You should know the problem of slippage and how to avoid it if you want to successfully trade the news. Slippage occurs when the price you intend to enter or exit the market is different from your actual transacted price. Currency prices tend to move very fast during highly volatile market conditions. The risk of slippage is usually very high when trading the news.

Placing stop loss or market entry orders under fast moving market conditions do not guarantee anything. These orders do get filled but mostly at different prices than you had intended. Slippage is the biggest problem when the market moves fast. There is no way you can avoid it. Some of it is genuine. During times when too many orders are placed by the traders, most forex brokers cannot offset these orders in the interbank market due to the small amounts involved. They have to take the opposite positions themselves. This gives them the chance to take the excuse of slippage.

Sometimes, these entry orders may even get filled past your stop loss or profit target. This means that you would be left with immediate net loss. Many market makers will wait till after the big move is over. Then they will fill your entry order.

Before filling your entry order with wide slippage, many brokers will fill your stop loss or take profit order. It is a trick that many forex brokers use in order to make profit by filling your position with a negative spread.
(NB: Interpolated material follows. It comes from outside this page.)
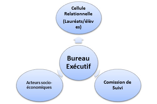 Cette cellule s'organise de manière à représenter toutes les filières de l'école au sein de l'association, autrement dit, sa composition comprend des représentants de chaque filière de l'école, collaborant avec un nombre actif des lauréats.

Lets make it clear with an example. Imagine your profit limit for the EUR/USD is 1.2594. Your long entry stop for EUR/USD at 1.2564! The forex broker may first fill your take profit at 1.2594 and then fill your long entry stop at 1.2604 with a 40 pips slippage.

Even though your trade would have resulted in a profit if filled at the prices you wanted. But now you have a net realized loss. The forex broker may also fill your stop loss order first if the trade goes against you. Then fill your entry order with slippage after that so as to widen their profits.

Now imagine you had placed your stop loss at 1.2544 and your long entry stop at 1.2564. Your forex broker could first fill your stop loss at 1.2544 and then fill your long entry stop at 1.2594 with a slippage of 30 pips. You now have a net loss of 50 pips due to slippage instead of planned 20 pips loss. You could never imagine that you would end up with a loss of 50 pips.

You should know as an individual trader that your orders will be kept pending till you get stopped out or your profit limit is reached during the release of news when the market moves fast. The more you stand to lose and the more the forex broker stands to make a profit, the larger the slippage you experience. Some forex brokers add slippage to any of your orders to increase their profits during times of fast moving markets when the volatility is high.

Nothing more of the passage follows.